If you use Linux, set up a home partition. In the past, it was hard for me to imagine how much space I needed for personal and work files and how much space I needed to reserve for system files.  So I placed everything in a single partition, which reduces the need for mental arithmetic.  Unfortunately, it also exposed me to data risk in case an upgrade to the operating system goes wrong.  And if backups aren’t consistent, the risk of loss becomes very real.  A separate home partition reduces that risk significantly by isolating the system files, so if the worst-case scenario occurs it won’t be as devastating. I reserve about 40-50 GB for the root partition and leave the rest (more than 100 GB) to the home partition, which is plenty and manageable.
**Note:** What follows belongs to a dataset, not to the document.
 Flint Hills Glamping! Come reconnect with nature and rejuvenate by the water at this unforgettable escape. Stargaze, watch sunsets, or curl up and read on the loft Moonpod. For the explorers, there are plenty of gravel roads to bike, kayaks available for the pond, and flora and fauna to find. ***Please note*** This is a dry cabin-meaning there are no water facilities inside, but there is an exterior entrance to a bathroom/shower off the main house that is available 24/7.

Back up, back up often, and back up everything. All it takes is one major data loss event to become very passionate about regular backups.  From personal experience, it is a painful, ruinous, and potentially career-changing event.  I’ve backed up my most important files — source code, analysis results, publications, legal and economic documents — but until recently I hadn’t backed up everything on my home folder.  There were a couple of reasons for that, such as lack of backup storage space and a reluctance to put personal documents in a third-party environment that can get hacked.  Now that we live in an era where storage is so cheap (1TB hard drives are now being sold for less than $80, and on the cloud for less than $10/month!), there is really no reason to not back up all of your files.  How often you need to back up is a matter of how much loss you’re willing to tolerate.  I like the continual backup that cloud storage provides, but some people only need to backup once a week. Pick a regular schedule and stick to it, and choose backup services and programs that require minimal setup.
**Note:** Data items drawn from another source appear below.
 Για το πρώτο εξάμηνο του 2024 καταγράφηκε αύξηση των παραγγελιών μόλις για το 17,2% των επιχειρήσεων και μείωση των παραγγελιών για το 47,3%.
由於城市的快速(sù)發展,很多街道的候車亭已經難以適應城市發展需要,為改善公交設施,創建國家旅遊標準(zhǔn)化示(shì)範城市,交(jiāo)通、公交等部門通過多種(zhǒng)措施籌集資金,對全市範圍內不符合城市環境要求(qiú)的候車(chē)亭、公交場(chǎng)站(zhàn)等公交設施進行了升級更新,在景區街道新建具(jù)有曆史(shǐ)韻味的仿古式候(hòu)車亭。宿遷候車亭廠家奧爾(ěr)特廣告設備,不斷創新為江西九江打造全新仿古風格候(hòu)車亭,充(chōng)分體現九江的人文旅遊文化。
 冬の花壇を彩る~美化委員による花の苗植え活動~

Use the cloud, but use external hard drives, too. This is all about increasing redundancy in a data backup scheme.  Storage is cheap, so purchase cloud storage, purchase an external hard drive, and use both regularly and consistently in your backups.
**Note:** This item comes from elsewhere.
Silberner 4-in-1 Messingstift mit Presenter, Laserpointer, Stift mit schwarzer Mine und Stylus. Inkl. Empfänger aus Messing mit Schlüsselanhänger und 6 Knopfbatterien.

Don’t forget your databases. It’s easy to forget to backup your databases, but if you lost them, how hard would it be to recreate them?  If you have the raw data and ingestion code to automate things (you did do that, right?) it makes things easier, but it will take a while depending on how much data you have.  Set up a regular schedule where you dump the current state of your databases to a database backup/restore folder, and make sure those files are backed up.

Losing data due to malfunctioning software or operating systems is terrible, and it can cost you time, money, memories, or even careers.  It will happen at some point in your life, but you can prepare for it with a well thought out plan for protecting your data, from drive partitioning to frequent backup across multiple storage media.

So in conclusion, I’m back!  More analytics content to come soon.